The company is to pay out £32 million (up from £29 million in 1995) under an employee profit-sharing scheme, which will be shared among 63,000 staff.

The deal with Associated British Foods (ABF) to buy its Irish interests, excluding the Penney's clothing chain, is subject to merger-approval by the European Commission. Tesco's chief executive, Mr Terry Leahy, declined to comment on the outcome, but the company hopes it will get clearance on the deal by May 5th.

Mr Leahy said Tesco was very pleased with its proposed acquisition. "It is an Irish market leader which has traded through some very challenging times."

He added that the Irish economy was performing very well and the stores contained some "very encouraging" features. When pressed on the issue of central distribution, he said the Irish management had already been looking at the situation, prior to Tesco taking over.
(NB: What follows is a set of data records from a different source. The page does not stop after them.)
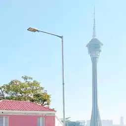 📍 Navigate to Yi Wan Slope Alley, get off the car and be surrounded by beautiful scenery. Cross the road and you can see the super cool Macau Tower.
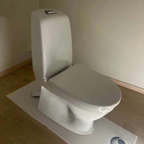 Selger en komplett pakke med Gustavsberg Triomont XS sisterne, Gustavsberg Saval vegghengt toalett og Gustavsberg Duo Triomont XS trykknapp (Toalettsete følger ikke med).
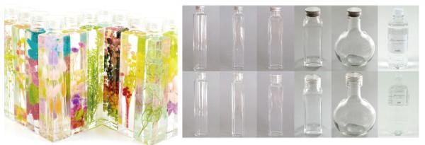 高純度なミネラルオイル(鉱物油)と、お好みのプリザーブドフラワーやドライフラワーを交互にボトルに入れて密閉するだけで、センスあふれるルームアクセサリーが手軽に作れます。

He declined to be drawn specifically, but indicated that this could happen. Musgrave in Ireland already had a central distribution system, he pointed out.

Tesco also managed to save £20 million last year through reorganising its supply chain. Fears have been voiced in Ireland, especially by IBEC, the employers' lobby group, that Irish suppliers will lose out as Tesco will use more British suppliers.

Already the company has met the Minister for Enterprise and Employment, Mr Bruton, and his Fianna Fail counterpart, Ms Mary O'Rourke, to give assurances on the matter.

Mr Leahy said yesterday that he was "a bit surprised" by IBEC's reaction to the takeover announcement. He said opportunities existed for suppliers, not just existing suppliers, but small suppliers who may not have been able to supply Quinnsworth/Crazy Prices in the past, because of their size. Tesco has promised to consult them and advise them on bow to tailor their products to Tesco's needs.

Mr Leahy said Tesco was coming to Ireland to ensure growth and maintain employment.

He said the British and Irish markets were very different but the company would improve its profit margins - currently more than 1.5 per cent less than Tesco stores in Britain - through improving sales, winning customers and improving their spend by giving them extra items to buy.

In Britain, Tesco currently has around 600 items on offer, which it markets as its "best value" items. If a customer can buy any item cheaper elsewhere, Tesco refunds the difference. This marketing ploy is expected to be introduced in Ireland.

However, Mr Leahy said Tesco was unlikely to get involved in a price war with its competitors. "The outcome of a price war is that it usually damages everybody," he said.